◆ WHAT YOU ARE ASKED TO DO ◆
Reproduce nothing beyond the line containing "Znovuoživení starého neonového". From the first line of the data below down to it, copy each line exactly, without the pictures.

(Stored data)
== Segment start ==
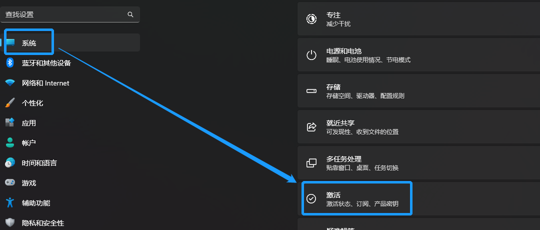 系统设置中的激活,点击更改产品密钥,弹窗输入WMN7B-Y7TKF-Y49QB-TMQ8T-GMT6T
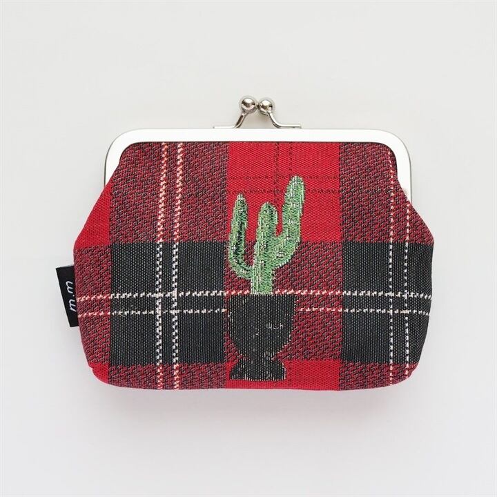【松尾ミユキ】ゴブラン織 ねこ柄 チェック がまぐちポーチ | Leo | red
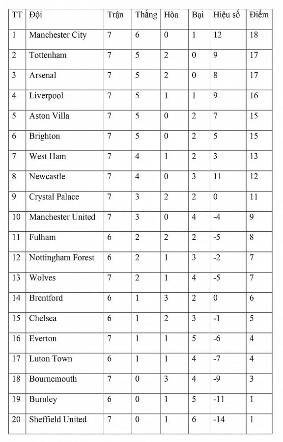 Ở các trận đấu đáng chú ý khác ở vòng 7 tối ngày 30/9: Man United thua Crystal Palace 0-1, Newcastle thắng Burnley 2-0, West Ham thắng Sheffield 2-0, Everton thua Luton Town 1-2.
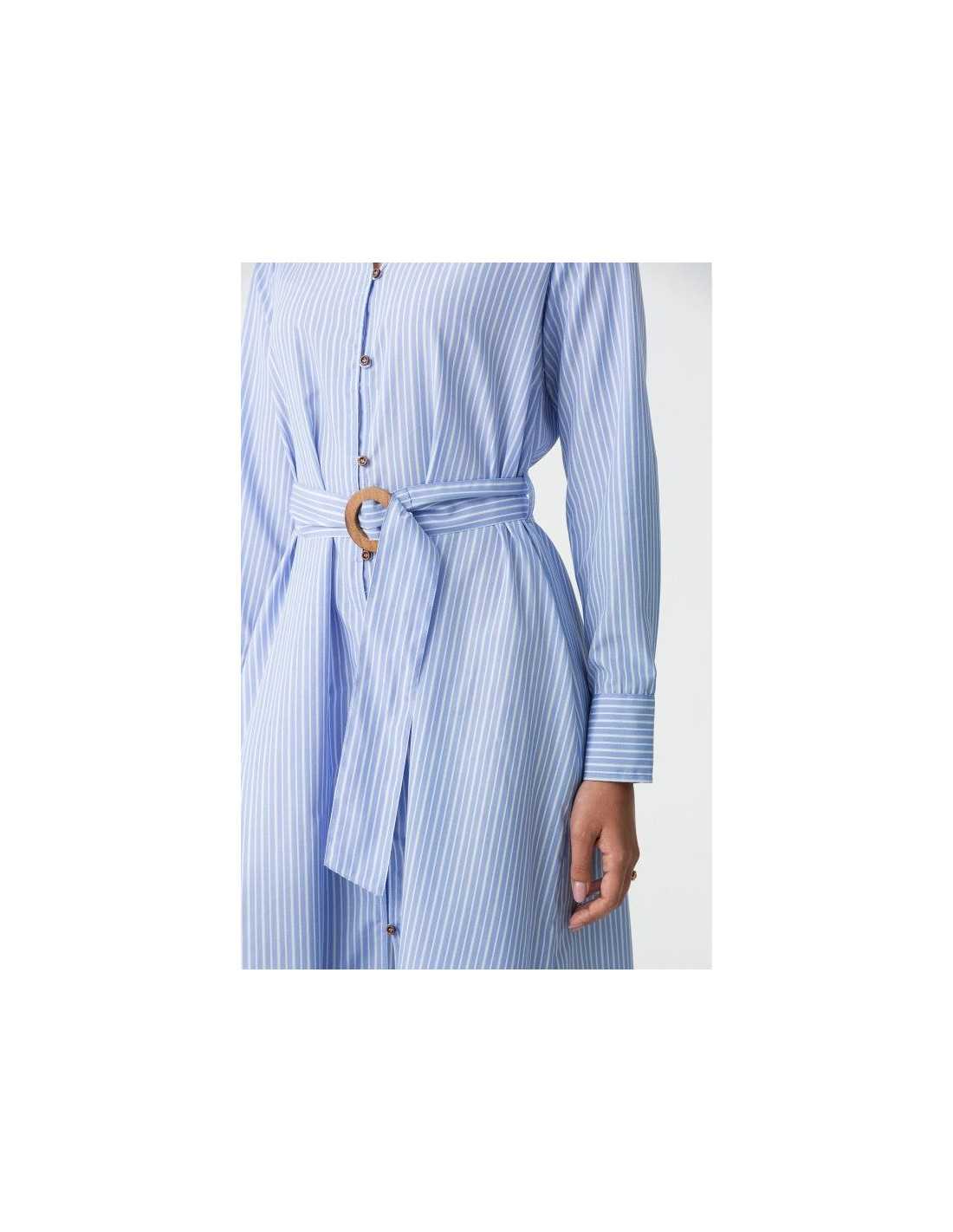 Vestido camisero largo, con cuello solapa y escote en pico. Cierre de botones y cinturón del mismo tejido con hebilla.
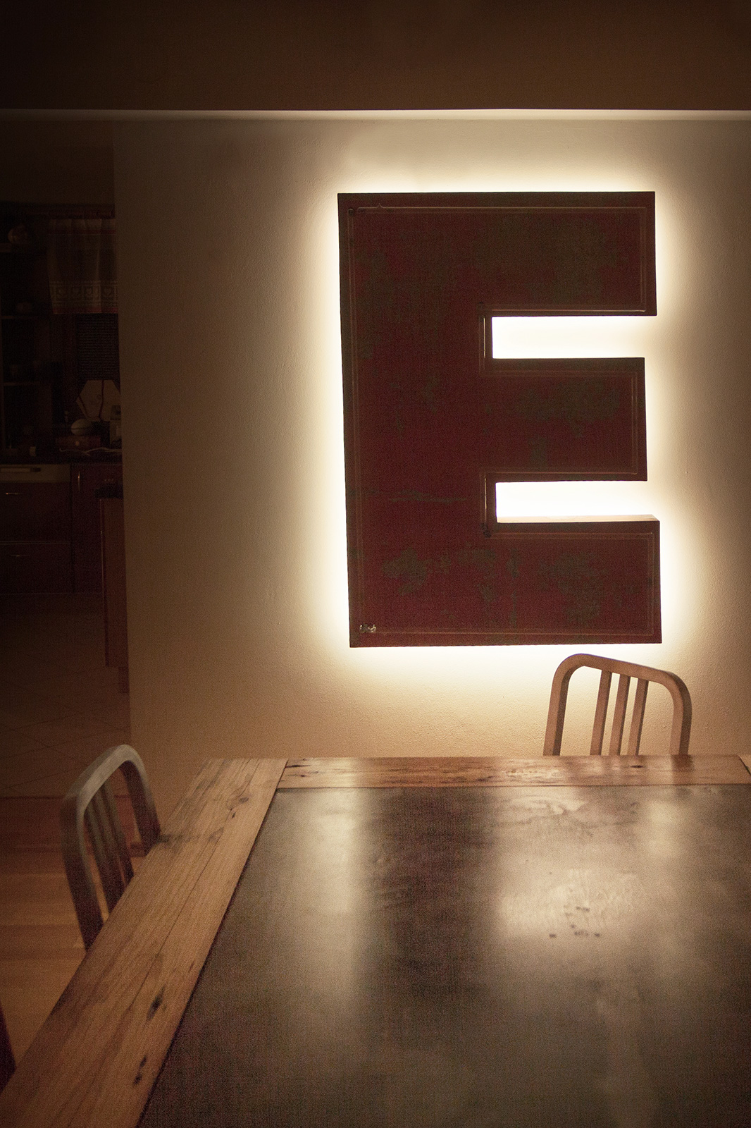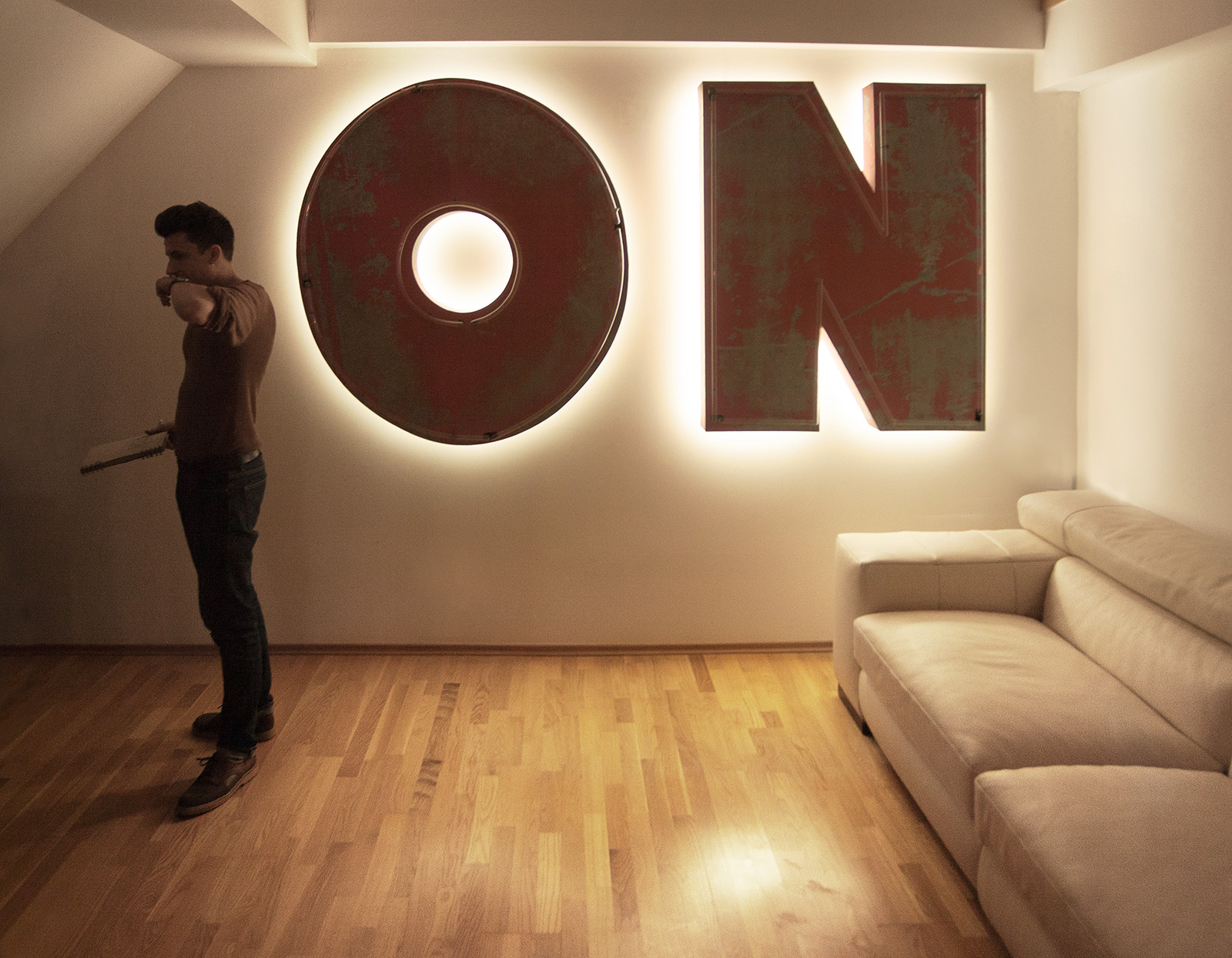 Znovuoživení starého neonového poutače. Podsvíceno pomocí LED. Doplněno o dálkové ovládání (dub/hliník).
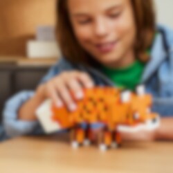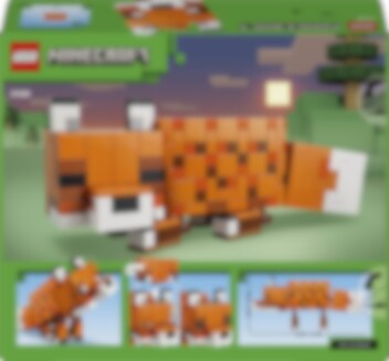 Bygg en imponerende rev fra Minecraft å vise frem! Reven (21588) er en stor, detaljrik figur med bevegelige bein, vribar hals og et hode som kan vise reven med øynene åpne eller lukket. Sett den stående og våken, sittende med lutet hode eller liggende og sovende. 497 klosser for Minecraft-fans og byggere fra 10 år.
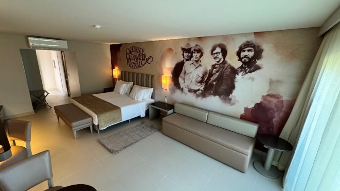 Toda a decoração do hotel homenageia artistas icônicos nos quartos e espaços comuns.
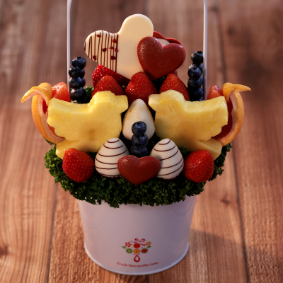 女性へのプレゼントとして、ヘルシーなフルーツとスイートなチョコレートをバランスよく盛り込みました。
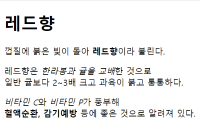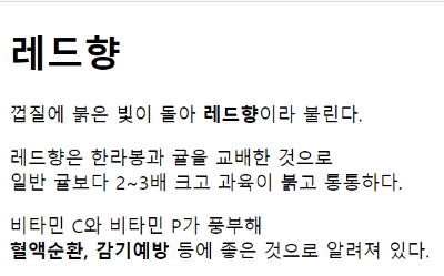 <p>껍질에 붉은 빛이 돌아 <b>레드향</b>이라 불린다.</p>
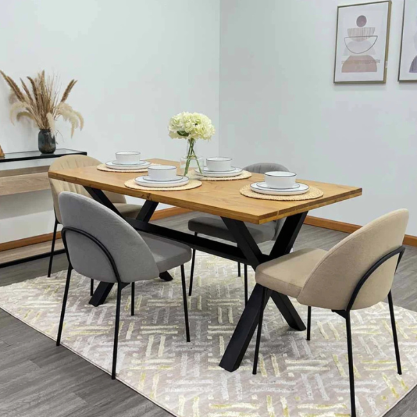 La Mesa Tokoa ME-680 combina madera de pino y estructura negra, ofreciendo estilo natural y moderno. Perfecta para 4 o 6 personas, aporta calidez, durabilidad y versatilidad, ideal para comedores acogedores y reuniones con familia o amigos.
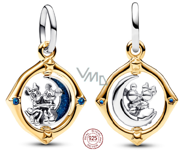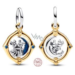 Charm Sterlingové stříbro 925 Disney Mickey Mouse & Minnie Mouse, otáčející se měsíc, přívěsek na náramek, film
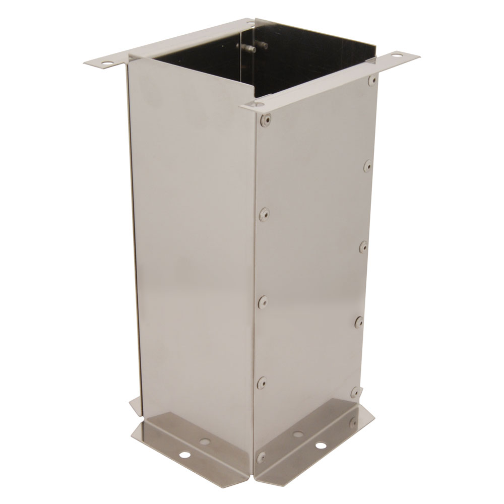 Shroud is hinged on one side and secured with clamps on the other; designed for ease of installation. NOTE: Not available on Cast Aluminum Shrouds.
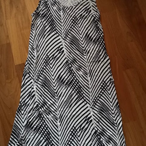 Nanso mekko, koko M, mustavalkoinen, leveys hihojen alta 46 cm, pituus 90 cm, taskut sivussa, 96 % viskoosia, 4 % elastaania, kunto hyvä.
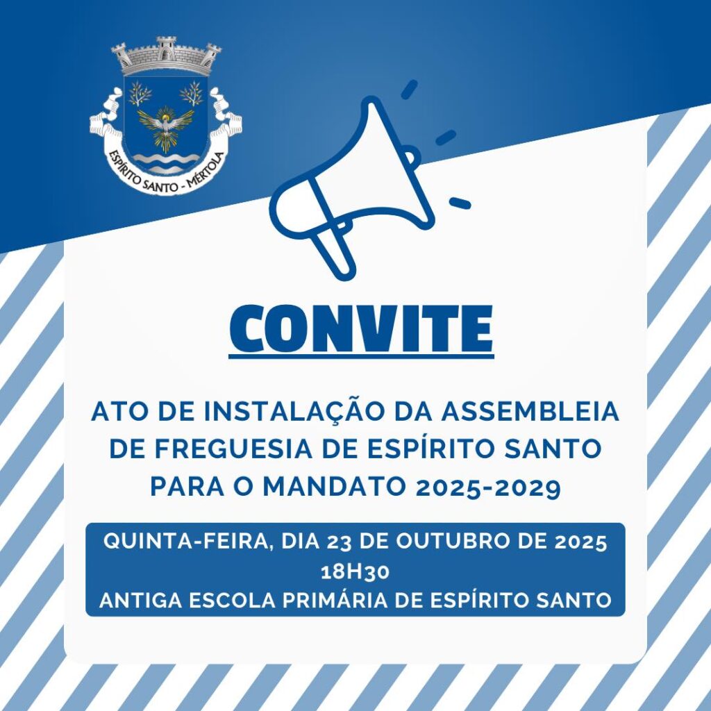 O Ato de Instalaรงรฃo da Assembleia de Freguesia de Espรญrito Santo para o mandato 2025-2029 irรก realizar-se na prรณxima quinta-feira, dia 23 de outubro de 2025, pelas 18h30, nas instalaรงรตes da Antiga Escola Primรกria de Espรญrito Santo.
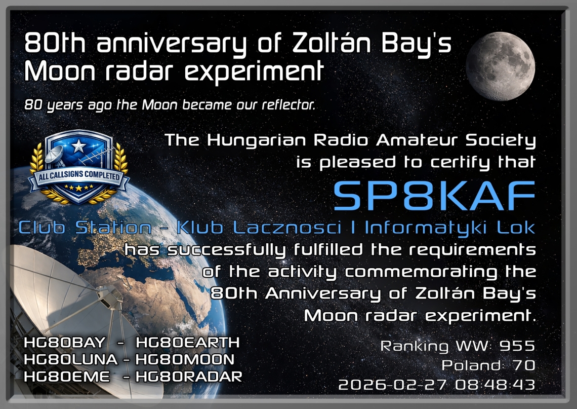 Dyplom Zoltán Bay Moon Radar 80th Anniversary Activity dla SP8KAF
== Segment end ==
◆ ANSWER FOR THIS EXERCISE ◆
 系统设置中的激活,点击更改产品密钥,弹窗输入WMN7B-Y7TKF-Y49QB-TMQ8T-GMT6T
【松尾ミユキ】ゴブラン織 ねこ柄 チェック がまぐちポーチ | Leo | red
 Ở các trận đấu đáng chú ý khác ở vòng 7 tối ngày 30/9: Man United thua Crystal Palace 0-1, Newcastle thắng Burnley 2-0, West Ham thắng Sheffield 2-0, Everton thua Luton Town 1-2.
 Vestido camisero largo, con cuello solapa y escote en pico. Cierre de botones y cinturón del mismo tejido con hebilla.
 Znovuoživení starého neonového poutače. Podsvíceno pomocí LED. Doplněno o dálkové ovládání (dub/hliník).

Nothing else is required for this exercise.